WASHINGTON – Era dezembro de 1868, em um tribunal lotado em Richmond, Virgínia, a antiga capital da Confederação, onde o presidente do tribunal, Salmon Chase, decidiu que o líder rebelde derrotado, Jefferson Davis, não deveria enfrentar um julgamento por traição.
Ninguém sabia que a decisão de Chase – no ano seguinte abordando a mesma questão jurídica, mas outra que ele escreveu para uma decisão diferente – ressurgiria das brumas da história e desempenharia um papel no que aconteceu. Surgiu a controvérsia se o ex-presidente Donald Trump será banido do cargo.
Dois dos casos de Chase – o outro envolvendo um homem negro que busca a anulação de sua condenação criminal – estão em processo judicial antes da argumentação oral da Suprema Corte no caso de Trump, na próxima semana. Em cada caso, Chase estava em um tribunal inferior e não atuava em sua função de presidente da Suprema Corte.
Ambos incluíram um raro debate contemporâneo sobre o Artigo 3 da então recentemente aprovada 14ª Emenda à Constituição.
Esta disposição foi feita para evitar que ex-funcionários do governo que ingressaram na Confederação ocupassem cargos após a Guerra Civil. Afirma que aqueles que anteriormente prestaram juramento de apoio à Constituição e depois “se envolveram em rebelião ou insurreição” não são mais elegíveis para servir novamente.
As decisões de Chase assumem nova relevância à medida que a Suprema Corte ouve a petição de Trump para impedi-lo de participar das primárias republicanas no Colorado. Ele está tentando anular uma decisão da Suprema Corte do Colorado que o considerou inelegível nos termos do Artigo 3 por seu papel na tentativa de alterar os resultados das eleições presidenciais de 2020 em uma série de eventos que levaram ao ataque em 6 de janeiro de 2021. Capital.
“Não conheço nenhum caso ou justiça no passado que tenha sido o tema principal ou talismã do tribunal”, disse Vikram Amar, professor da Faculdade de Direito Davis da Universidade da Califórnia, que apresentou uma petição citando As decisões de Chase.
Mas, acrescentou, “se você está tentando convencer as pessoas da compreensão da época, você precisa ter certeza do que as pessoas-chave disseram e fizeram naquele momento”.
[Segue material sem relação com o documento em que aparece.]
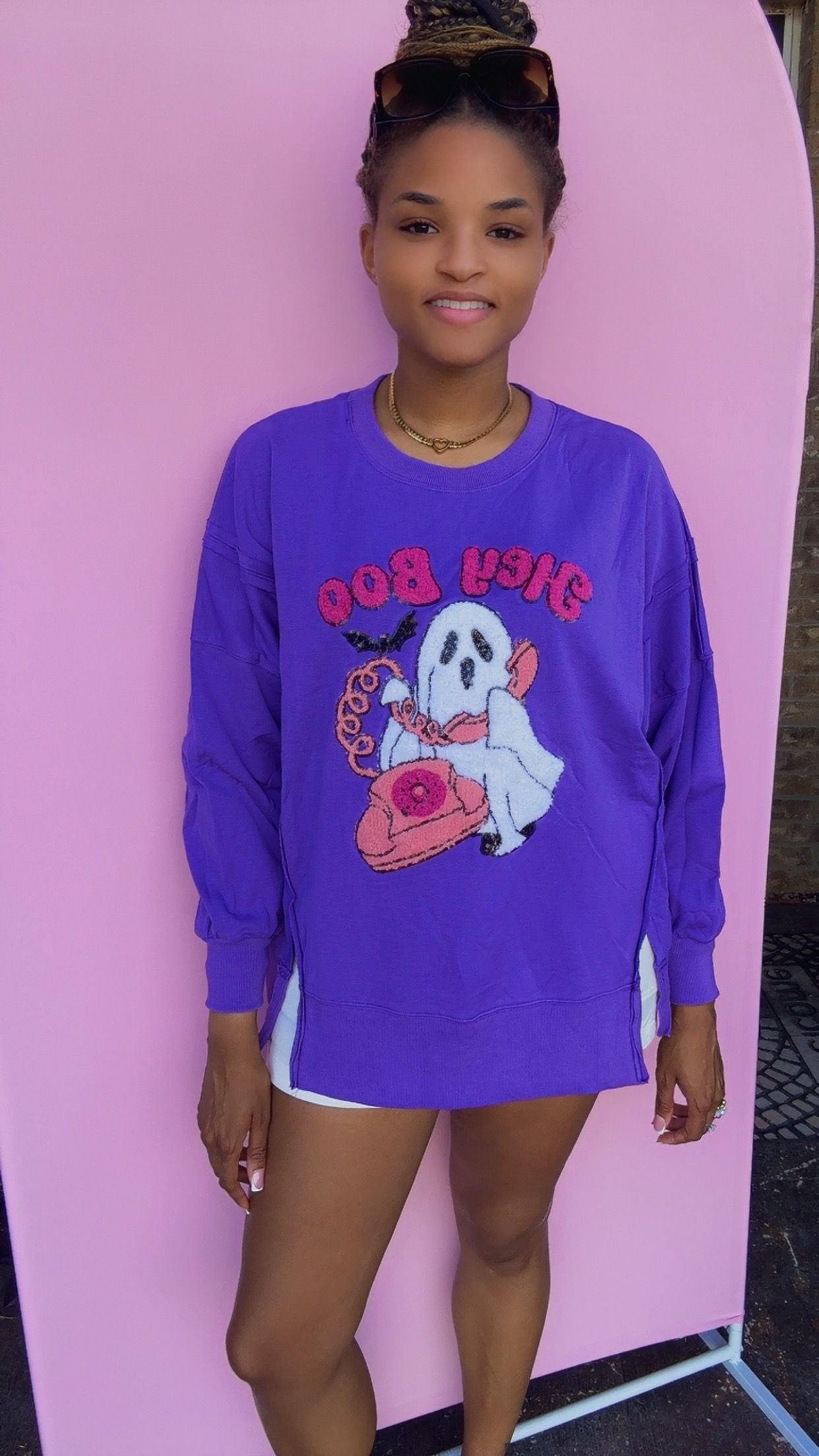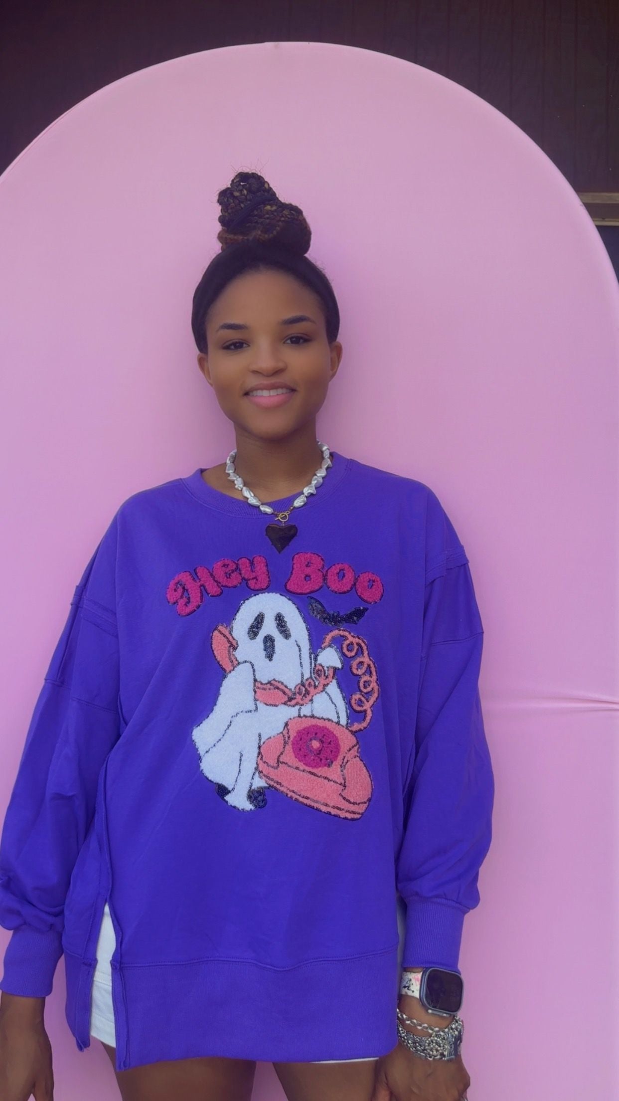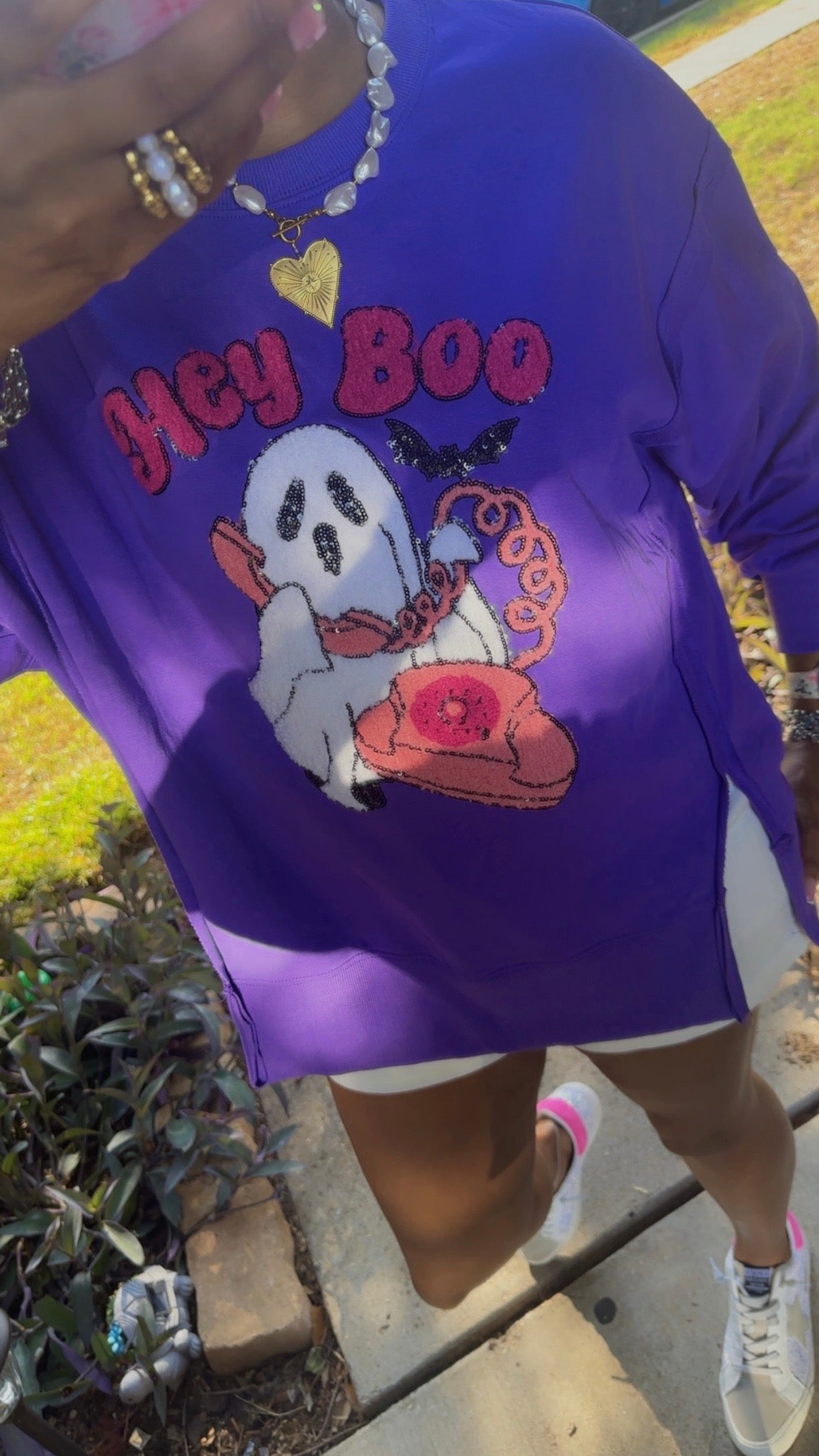 Hey Boo Towel & Sequins Embroidery Halloween Sweatshirt

A história é relevante em parte porque muitos membros do Supremo Tribunal, de maioria conservadora, atribuíram uma importância considerável à forma como as pessoas teriam entendido as disposições constitucionais na altura em que foram escritas.
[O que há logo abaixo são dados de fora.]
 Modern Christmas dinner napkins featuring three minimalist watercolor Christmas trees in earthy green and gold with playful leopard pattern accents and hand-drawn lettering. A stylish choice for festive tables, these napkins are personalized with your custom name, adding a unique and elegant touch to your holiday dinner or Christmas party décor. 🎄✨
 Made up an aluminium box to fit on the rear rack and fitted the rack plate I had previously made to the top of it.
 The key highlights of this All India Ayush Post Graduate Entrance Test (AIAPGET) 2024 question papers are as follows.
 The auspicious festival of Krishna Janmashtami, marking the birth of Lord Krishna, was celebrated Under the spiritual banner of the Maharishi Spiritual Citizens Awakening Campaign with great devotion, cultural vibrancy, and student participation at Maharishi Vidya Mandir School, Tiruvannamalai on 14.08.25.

Chase, um ex-governador republicano antiescravista de Ohio que foi nomeado para a Suprema Corte pelo presidente Abraham Lincoln em 1864, tinha suas próprias ambições presidenciais. Ele observou a presidência mesmo como Chefe de Justiça, e os historiadores dizem que ele absorveu seus julgamentos. Considerações políticas.
Enquanto o caso de Davis estava diante dele, Chase tentou obter a nomeação democrata para presidente, mas esse esforço falhou antes de ele votar contra o processo.
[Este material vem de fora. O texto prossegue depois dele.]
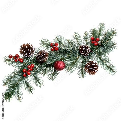 Festive pine branch with pinecones and red ornaments for christmas decor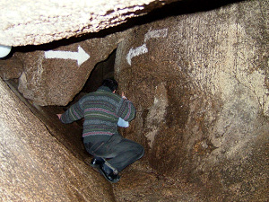 岩の脇を歩く人と比較すると 岩の大きさがわかります。 |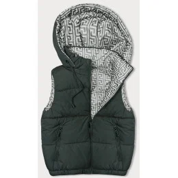 Krátká péřová dámská vesta v army barvě s kapucí (16M9091-136)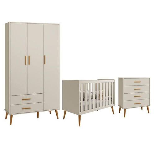 Dormitório Infantil Isis Guarda Roupa 3 Portas, Cômoda E Berço Areia - Reller Móveis Areia Dormitório Infantil Isis Guarda Roupa 3 Portas, Cômoda e Berço - Reller Móveis O Dormitório Infantil Isis é composto por um Guarda-Roupa, uma Cômoda e um Berço. O Guarda Roupa Isis 3 Portas e 2 Gavetas e a Cômoda Infantil Isis 4 Gavetas ambos oferecem um amplo espaço para organizar os pertences do seu bebê, seus puxadores são em madeira e suas gavetas possuem um amplo espaço interno para guardar as roupinhas do bebê dobradas. E o Berço Americano Isis se enquadra em todos os termos de qualidade, segurança e durabilidade do produto, pois possui certificação pelo INMETRO. A elegância do estilo retrô aliada ao conforto. Guarda Roupa Infantil Isis 3 Portas e 2 Gavetas - Reller Móveis - Estrutura 100% MDF - Pintura UV atóxica - Acabamento fosco - 3 Portas - Dobradiças metálicas - 2 Gavetas - Corrediças telescópicas - Cabideiro metálico - Prateleira interna - Puxadores em madeira - Pés estilo retrô em madeira - Amplo espaço interno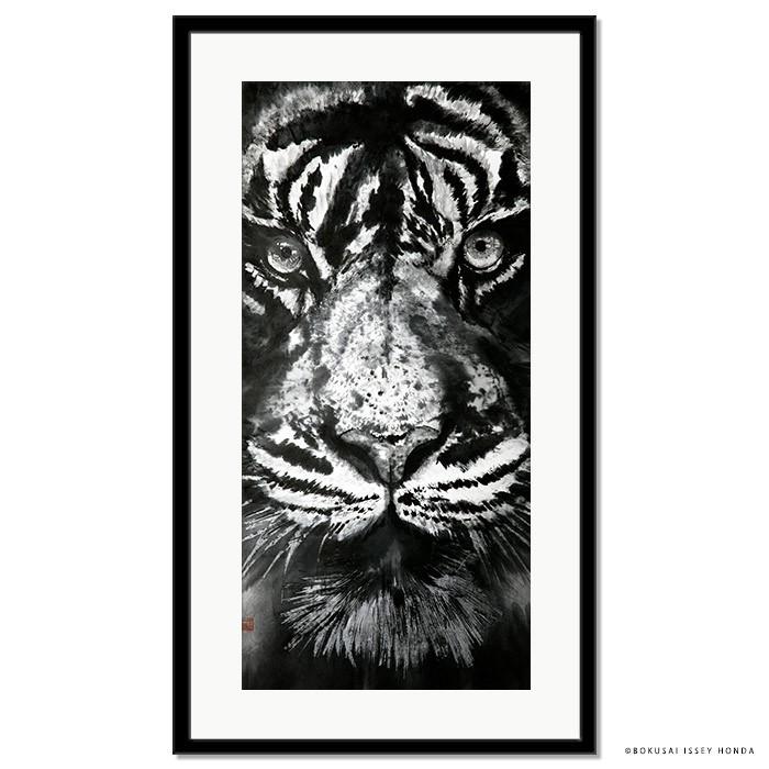 虎 襖画価格変更1枚限定 [限定特価価格] 裏面小紋柄 お飾り画 1枚限定 水墨画 虎「気」トラ 絵画 インテリア 額入り 壁掛け 縦長 モダン 現代
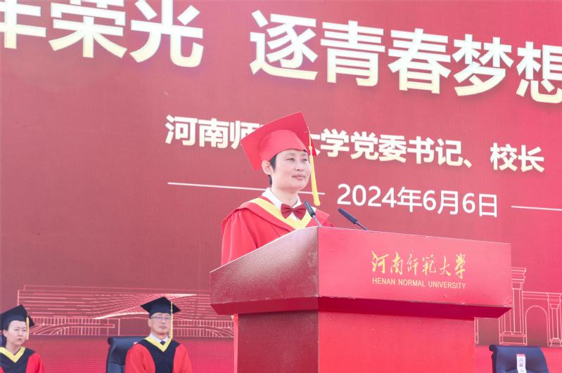 承百年荣光,逐青春梦想,扬帆再启航。校党委书记、校长冯淑霞以此为题,向2024届毕业生送上诚挚的祝福。她为同学们圆满完成学业致以热烈的祝贺,向辛勤培育同学们的老师和家长表示衷心的感谢。青年与时代同频共振。同学们亲历了建党100周年、建团100周年,党的二十大胜利召开等重大历史时刻,在两个百年历史交汇期,留下了“请党放心、强国有我”的铿锵誓言,与国家一起经历了世纪疫情的历史大考,与学校同舟共济抵抗了百年一遇的暴雨洪水,展现了青春的坚毅和勇敢,书写了新时代师大人的责任与担当。临别之际,她勉励同学们,一要保持自信,志存高远,勇担重任。以坚定的信心,立鸿鹄之志,勇敢肩负起国家富强、民族振兴的历史重任,到祖国和人民最需要的地方绽放青春光彩。二要勇于奋斗、追求卓越、不负时代。永葆师大人“厚德博学”上下求索的奋进姿态、“止于至善”追求卓越的执着精神,把个人融入大局,把工作干成事业,把职责当作使命,在平凡的岗位上创造不平凡的业绩,奏响新时代的最强音。三要心怀感恩、脚踏实地、行稳致远。不论顺境或逆境、成功或失败,始终心怀感恩之心,脚踏实地、筑牢根基,“穷则独善其身,达则兼济天下”,在岁月的磨砺中稳步前行。

Cynthia Nicoletti, professora da Faculdade de Direito da Universidade da Virgínia que escreveu um livro sobre o caso Davis, disse em uma entrevista que o argumento adotado por Chase no caso Davis era “peculiar”.
“Acho que é uma estratégia inteligente para nos livrarmos do caso Chase”, disse ele.
Chase aceitou o argumento dos advogados de Davis de que o Artigo 3, que se aplicava claramente ao ex-presidente confederado, era uma forma de punição que impedia qualquer processo criminal.
Os defensores argumentaram que a Seção 3 é “autoexecutável”, o que significa que se aplica automaticamente a Davis, sem a necessidade de o Congresso aprovar qualquer lei para aplicá-la.
Os historiadores concluíram que Chase sugeriu pessoalmente que os advogados de Davis apresentassem esse argumento.
Mas no ano seguinte, Chase adoptou a abordagem oposta num outro caso na Virgínia, envolvendo um réu criminal negro, Caesar Griffin, que argumentou que a sua condenação por “atirar com intenção de matar” deveria ser anulada. Houve uma conspiração no caso dele.
A Seção 3 se aplicava ao juiz porque ele já havia jurado defender a Constituição como legislador do estado da Virgínia, argumentou Griffin.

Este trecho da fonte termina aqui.